Instructions for the task → Below are lines of records; copy exactly those from the one containing "2. Type and" through the one containing "二層國內(nèi)出發(fā)到達(dá)混合通廊下電梯旁廣告", leaving the pictures behind.

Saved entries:
▬▬▬▬▬▬▬▬▬▬

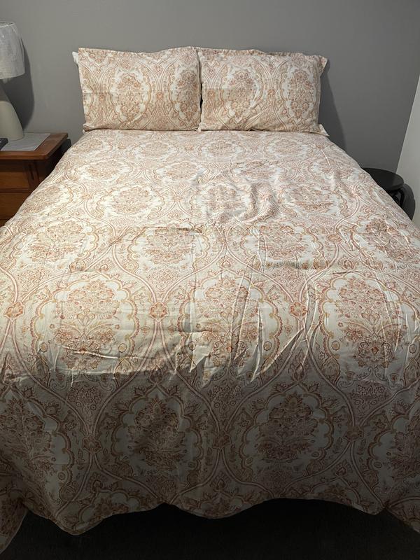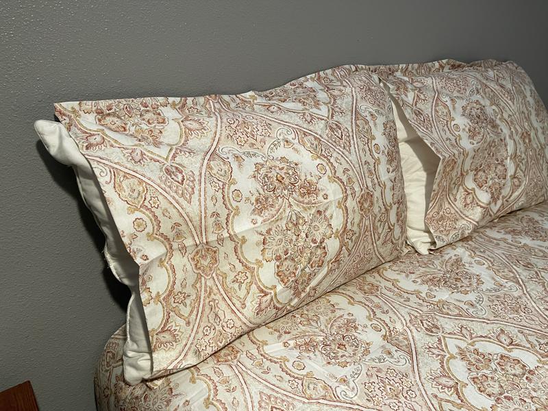 Cool pattern that looks a little vintage royal. Colors are there but slightly faded hue. The texture is great and feels luxurious even after a wash or two. It’s a great option for a guest bedroom. Would recommend
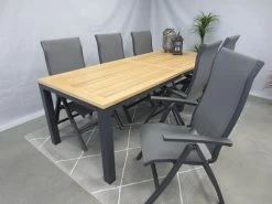 Mooi vormgegeven tuinstoel die bestaat uit een aluminium frame met een textilene doek. De rugleuning is rondom bekleed met textilene in tegenstelling tot alle andere modellen. De scharnierpunten zijn gemaakt van volledig aluminium. Extra stevig dus en een langere levensduur. Deze verstelbare tuinstoel is inklapbaar en voorzien van een duurzame coating in een donkere matt grey kleur. Deze kleur is eenvoudig te combineren met een tal van tuintafels. Natuursteen, aluminium, betonlook, het kan allemaal. De Palazzo teak-tuintafel heeft een Teak hout tafelblad en een aluminium frame dat een antraciet coating heeft. De tafel is 1 meter breed, 2,4 meter lang en 0,76 meter hoog.
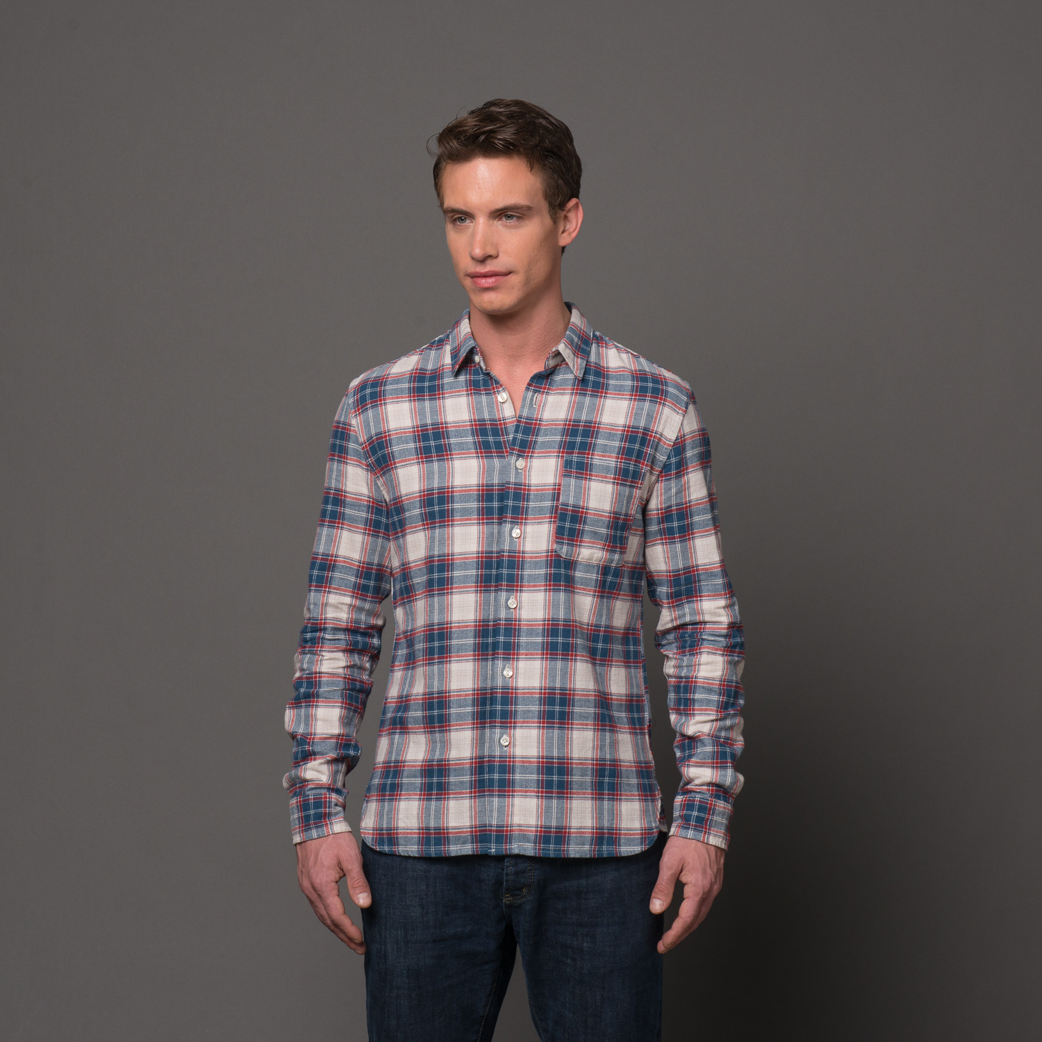 Deceptively simple, but replete with luxury fabrics, KATO’s line of plaid shirts showcases a riveting attention to detail, including intricate stitching, vintage trims, and creative labels that true vintage aficionados will adore. This Slim French Seam Long Sleeve Shirt in Peach Plaid is a perfect fit for fall, in a bright plaid that you’ll want to touch.
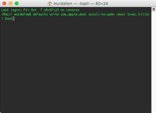2. Type and hit enter: defaults write com.apple.dock scroll-to-open -bool true; killall Dock
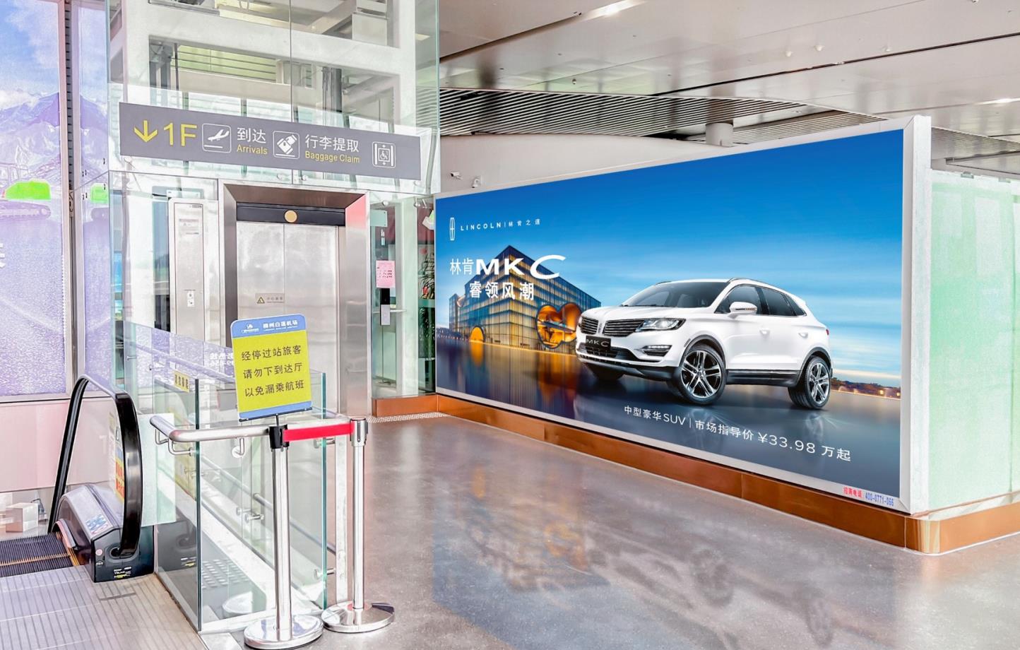 二層國內(nèi)出發(fā)到達(dá)混合通廊下電梯旁廣告
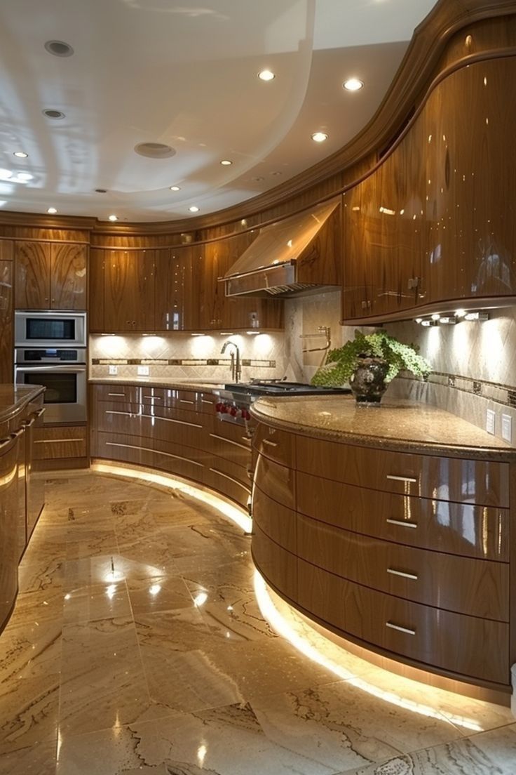 ایجاد عمق در سقف، یکی از ویژگیهای معماری کلاسیک است. اجرای کناف چندلایه با فرمهای منحنی، دایرهای یا بیضی میتواند این حس را تقویت کند. چنین سقفی اغلب در ترکیب با لوسترهای کلاسیک و نورپردازی مرکزی استفاده میشود. این طرح بیشتر برای آشپزخانههایی با ارتفاع سقف زیاد یا پلان باز توصیه میشود.

▬▬▬▬▬▬▬▬▬▬

Written reply →
2. Type and hit enter: defaults write com.apple.dock scroll-to-open -bool true; killall Dock
 二層國內(nèi)出發(fā)到達(dá)混合通廊下電梯旁廣告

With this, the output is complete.